## EXERCISE BRIEF
Set every line of the data down again exactly, and keep the pictures out.

***** SUPPLIED INFORMATION *****

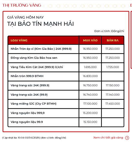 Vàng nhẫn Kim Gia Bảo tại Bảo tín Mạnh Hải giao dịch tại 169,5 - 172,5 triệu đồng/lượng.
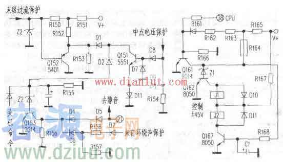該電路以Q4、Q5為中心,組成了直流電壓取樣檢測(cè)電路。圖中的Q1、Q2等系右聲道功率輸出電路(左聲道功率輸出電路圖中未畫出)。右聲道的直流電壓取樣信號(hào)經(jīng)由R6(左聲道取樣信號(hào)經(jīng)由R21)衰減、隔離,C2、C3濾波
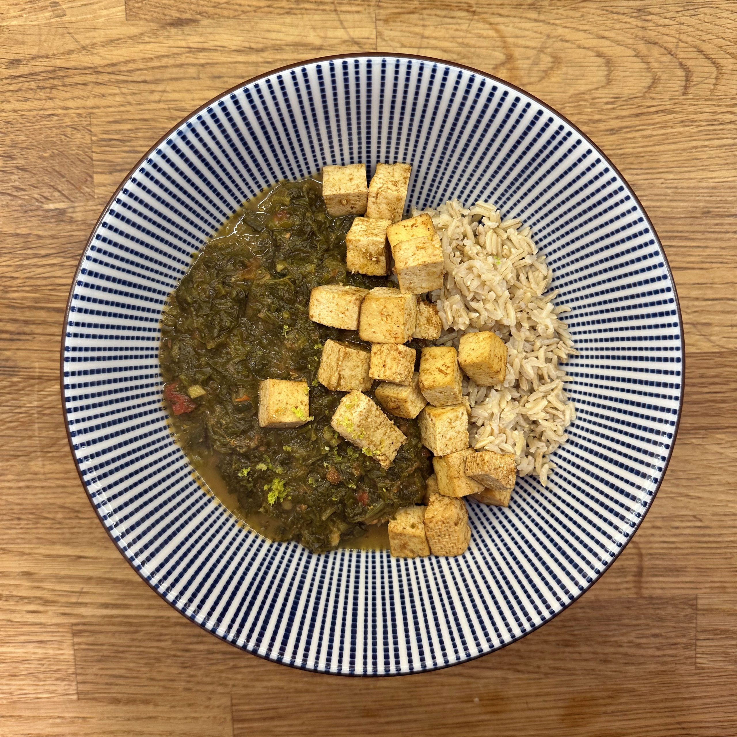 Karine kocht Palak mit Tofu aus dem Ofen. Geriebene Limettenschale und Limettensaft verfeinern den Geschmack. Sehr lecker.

*****

## SOLUTION FOR THIS PROBLEM
 Vàng nhẫn Kim Gia Bảo tại Bảo tín Mạnh Hải giao dịch tại 169,5 - 172,5 triệu đồng/lượng.
該電路以Q4、Q5為中心,組成了直流電壓取樣檢測(cè)電路。圖中的Q1、Q2等系右聲道功率輸出電路(左聲道功率輸出電路圖中未畫出)。右聲道的直流電壓取樣信號(hào)經(jīng)由R6(左聲道取樣信號(hào)經(jīng)由R21)衰減、隔離,C2、C3濾波
 Karine kocht Palak mit Tofu aus dem Ofen. Geriebene Limettenschale und Limettensaft verfeinern den Geschmack. Sehr lecker.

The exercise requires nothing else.